For the purposes of identifying sensitive data, a number of possible classifications are of interest, and in fact over 300 pre-defined and pre-trained tags are provided to identify and classify data that is sensitive under GDPR alone. What’s more, Lumada Data Catalog allows you to leverage tag-based rules to automatically tag data sets based on the fields they contain. For example, you could automatically tag your data sets as sensitive under GDPR if they contain fields tagged as first and last name, and where a field tagged as country contains data points corresponding to a European country. As you can tell from this example, these rules can mix data and metadata checks. What’s more, they are applied irrespective of data source, data format, and field names.
However, what if first and last names are in one table and country information is in another? With Lumada, you can visually explore any data tables that are related to the sensitive data you have already identified, as shown in Figure 2. This can be used to discover yet more sensitive data, and moreover, the software will automatically discover potential join conditions between these data sets and virtually join them using those conditions. This allows you to view them as a single data set. In turn, this can reveal additional sensitivity within your data that is only evident when it is seen in this way.
In addition, Lumada allows you to add custom properties to your data sets, which you can subsequently search on or filter by. For sensitive data, the utility here is that you can use these custom properties to store compliance metadata, such as the business purpose of your sensitive data. The product also provides visual, traversable tracking of data lineage, see Figure 3, which can either be imported from an existing source of lineage or inferred from your fingerprints. This capability may be useful for, say, locating data movement in and out of the EU. Finally, all of the searches and metadata available in the Lumada Data Catalog – including custom properties such as compliance metadata – are exposed via REST APIs, enabling integration with other compliance products.
Automated data discovery is essential for classifying your data consistently and comprehensively at an enterprise level, and this is just as true for sensitive data as it is for any other kind. Therefore, as a data catalogue, it should come as no surprise that Hitachi Vantara positions these features prominently. In this regard, Lumada’s adoption of machine learning in the form of data fingerprinting and the fingerprint system is notable.

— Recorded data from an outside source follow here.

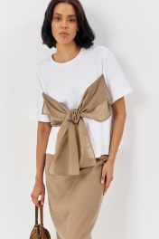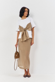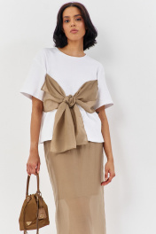 Комплект майка с юбкой. Майка свободного силуэта со спущенным рукавом. Характеристики: выполнена из трикотажного полотна в белом цвете, по переду декоративный бант в цвете капучино, горловина обработана планкой, рукав укороченный. Длина майки по переду 61 см, длина рукава 21 см. Юбка выполнена из блузочной ткани в цвете капучино, пояс обработан эластичной тесьмой (резинкой), по заднему полотнищу юбки обработан разрез. Длина юбки по боковому шву 95 см.
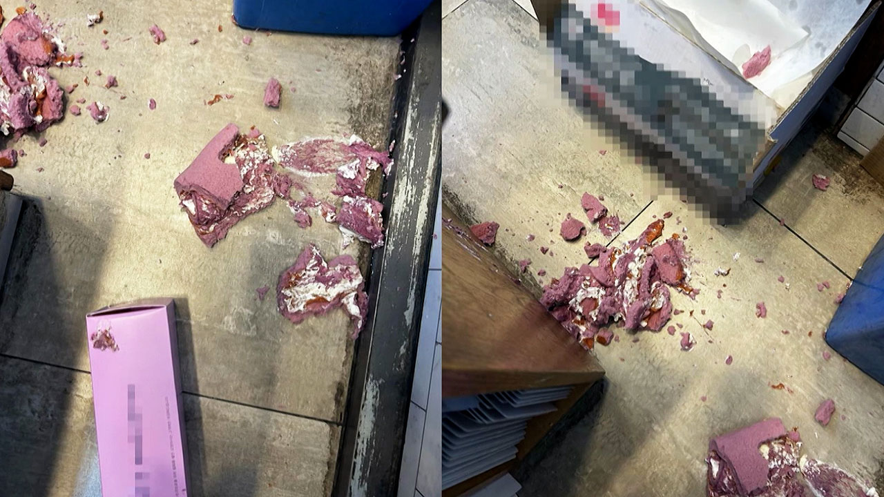 함께 공개된 사진을 보면 바닥에 빵이 산산조각 나 흩어져 있는데요.
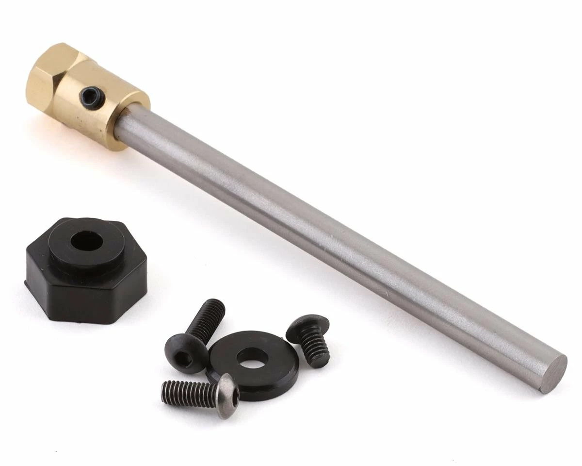The SXT Racing Break In Bit helps to simplify tire break in. This bit locks into your drill and allows you to mount any 17mm or 12mm hex wheel directly to the drill, so you can sand down your tires with ease. The Break in Bit is just over 4” long so nothing to worry about on clearance. Made from HSS steel with a wide brass hex to keep the wheel stable and locked down with double set screws. The Longest screw is for 1/8 tires, medium screw is for rear 1/10 tires, and the short screw is for front 1/10 tires.

The fingerprint system also has a number of features that are of particular benefit to sensitive data discovery. Fingerprints themselves contain a wealth of metadata, much of which concerns the context in which your data exists, and the rules engine that the product uses is able to operate in response to a combination of both metadata and data. Since whether or not any particular piece of data is sensitive can be highly complex and contextual, these are useful features for identifying the sensitive data in your environment.
The Bottom Line
The Lumada Data Catalog provides formidable sensitive data discovery capabilities as part of a data catalogue. If you are in the market for the latter, Lumada is a strong choice for the former.
Mutable Award: Gold 2020